I am referring to US law and its "fair use" legislation. I have no idea what Australia's "fair use" laws are. They are different country to country.


----------



## TheLaughingMan (Jul 24, 2010)

DaedalusHelios said:


> The funny thing is our laws covering a "public showing" of a movie are very much harassment laws. If you have a block party and invite people to view a movie with you on your nice home theater system then technically you are breaking the law. Even though you bought the movie it is still a public showing even though no money was exchanged. But this is US federal law. I have no idea what other countries have covering it. I know Canada has more freedom in regards to "fair use" but I am unsure as to the details of its differences.



That falls under different laws because it is no longer "private" use.  There is an easy, simply way to contact the content owner for said movie and just ask.  most companies won't care and give you permission to do so, some may change a modest fee.....unless you are a college then it is like $3,000 to license the temporary use of a film. for a single days showing.  I know because I have done the paper work for my school to do this before.


----------



## DaedalusHelios (Jul 24, 2010)

TheLaughingMan said:


> That falls under different laws because it is no longer "private" use.  There is an easy, simply way to contact the content owner for said movie and just ask.  most companies won't care and give you permission to do so, some may change a modest fee.....unless you are a college then it is like $3,000 to license the temporary use of a film. for a single days showing.  I know because I have done the paper work for my school to do this before.

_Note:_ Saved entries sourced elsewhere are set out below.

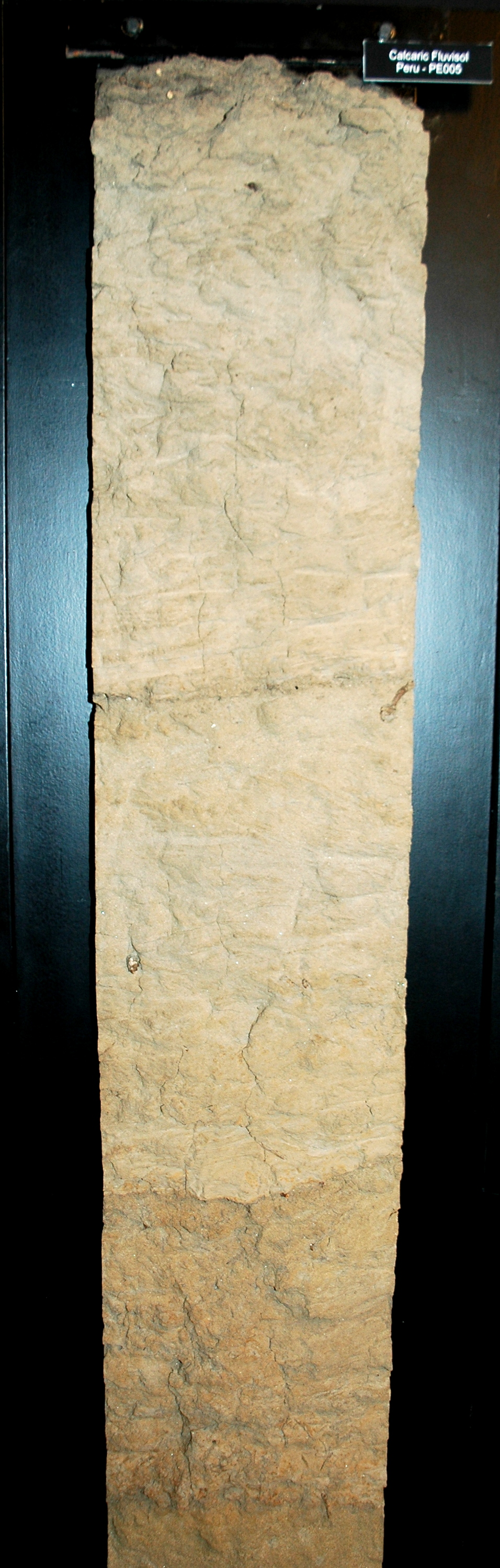 Soil profile of a Calcaric Fluvisol from Peru.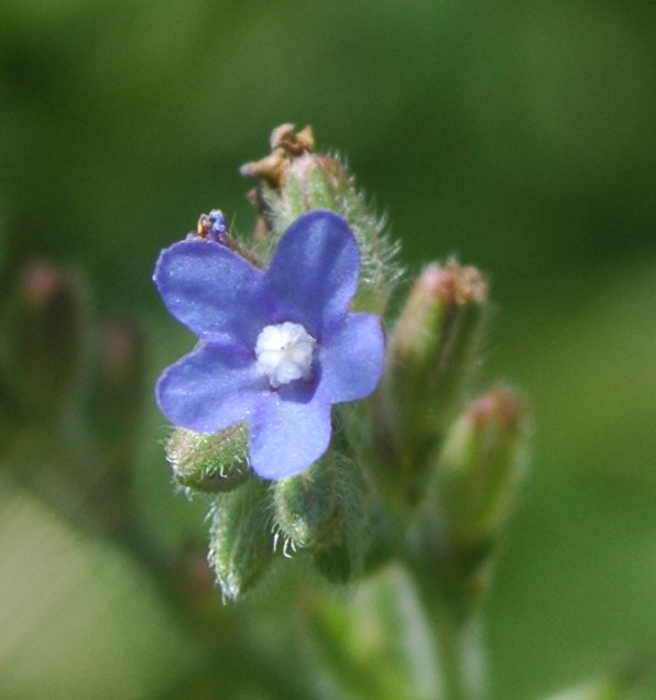 Anchusa sp., flower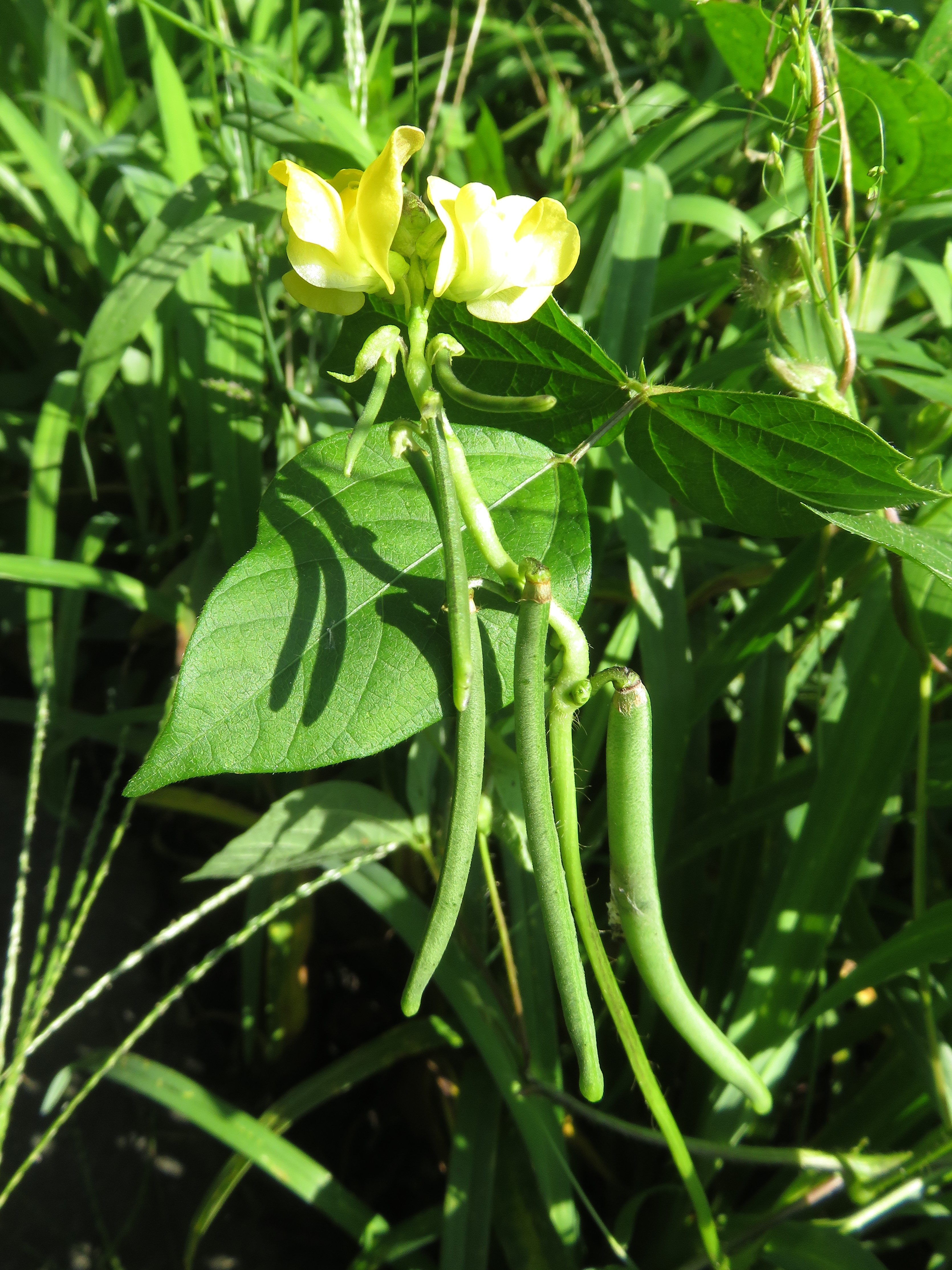 Vigna angularis var. nipponensis, Aizu area, Fukushima pref., Japan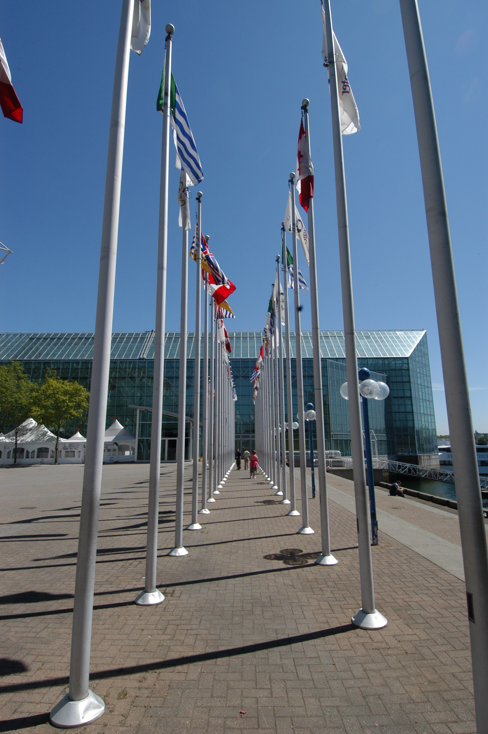 Plaza of Nations

I just don't think you should have to. Buying a copy and not charging for others to view it at your home should have a fee associated with it. Also it should be your right to not have to inform them of a viewing in your home that is not for profit.


----------



## eidairaman1 (Jul 24, 2010)

copying it for own personal use is fine as it is a means of backup, but distributing it over the internet via torrents or to other friends, or trying to cash in on it is not legal.


----------



## Melvis (Jul 24, 2010)

It is illegal to even copy/recorded to a VHS/DVD/HDD from the TV let alone copying a DVD to HDD as an ISO or any other format, but everyone does it and will continue to do so as this sort of thing can not be policed and no one realy cares. Id like to see them police a billion people for copying shows/movies lol. If you copy for yourself and do not distribute and make a profit off the copies (this will get you into trouble) you will be fine, everyone does it my man.


----------



## eidairaman1 (Jul 24, 2010)

I say aslong as your not cashing in on it yourself and fact is Media doesnt always record perfectly the first time. I see no problem with it.


----------



## Kreij (Jul 24, 2010)

> It is illegal to even copy/recorded to a VHS/DVD/HDD from the TV



No it's not (at least not in the US). Almost all services (Cable/Satellite) will supply you with a DVR (for a fee) so you can record and watch later. If it was illegal they could not make this offer/service available.


----------



## eidairaman1 (Jul 24, 2010)

Kreij said:


> No it's not (at least not in the US). Almost all services (Cable/Satellite) will supply you with a DVR (for a fee) so you can record and watch later. If it was illegal they could not make this offer/service available.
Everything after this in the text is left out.